Carolina or bust

Iron & Wine’s Sam Beam sings what he knows

Iron & Wine singer/songwriter Sam Beam reflects his Southern upbringing — and it’s not just the finger-picked guitar with its folk and country intonations. It’s also the lazy pace and porch-sitting circumspection that blows through Beam’s songs like a refreshing breeze on a humid summer night.

You hear it in the quiet, loping “Promising Light,” Beam singing forlorn and forsaken, accompanied only by acoustic guitar: “Now I see love, there on your side of my empty bed.” Like Will Oldham, there’s an ancient and eternal tone to the bluesy hymnal “The Roaster Moans,” where the narrator is told to “stow your sorrow, stow your fear/What did you do to end up here?/End up on the devil’s rusty train.”

South Carolina born and bred, Beam got a guitar at age 15, when “all you want is to be in a punk band.” But playing was nothing more than a hobby. He went to art school, and started in painting before migrating into graphic design, “like everybody else,” Beam says with a laugh. From there, it was on to photography and, finally, cinematography, which he studied at Florida State’s film school.

“I got unfocused energies,” Beam explains, alluding to the artistic wanderlust that, until recently, had culminated in a teaching job after a bit of production work and screenwriting. Along the way, he continued to write and record songs without giving it much thought.

“It’s so relaxing and more intuitive than writing. So if I couldn’t think of anything to write for films, I would sit there and do music,” he says. “I didn’t have a real goal in mind that I wanted to accomplish with the songs. They were just songs I was doing. The home taping thing just grew out of wanting to remember what I was playing, to be honest.”

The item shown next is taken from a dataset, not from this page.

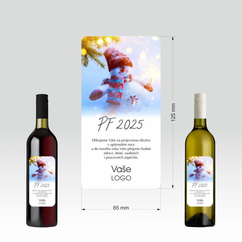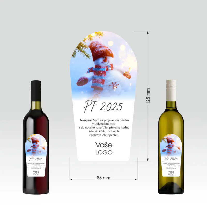 Přední stranu etikety je možné doplnit firemním logem a sladit ji tak s firemní identitou. Etiketa je vytištěna standardním digitálním potiskem. Originální a barevná etiketa láhev oživí a zároveň zaujme nejednoho obdarovaného.

Despite his varied musical interests, Beam’s songs crept back toward the music of his youth. “It’s hard to get away from country and bluegrass when you grow up in South Carolina,” he says. “As a teenager, you’re like, ‘That stuff sucks.’ Then, after you go away and you hear all the other stuff, it’s really nice to come back to.”

Beam’s music might have remained a leisurely bedroom pursuit had a friend in Seattle not shared it with Sub Pop head honcho Jon Poneman, who knew a good thing when he heard it. Culling tracks from years of recording, Beam sent him the material that became his debut album, The Creek Drank the Cradle. All but two of the tracks are exactly as he first recorded them, usually done in a single take, contributing to the immediacy that is part of their charm. “I would just come up with them and record them, then walk away and never play them again,” says Beam.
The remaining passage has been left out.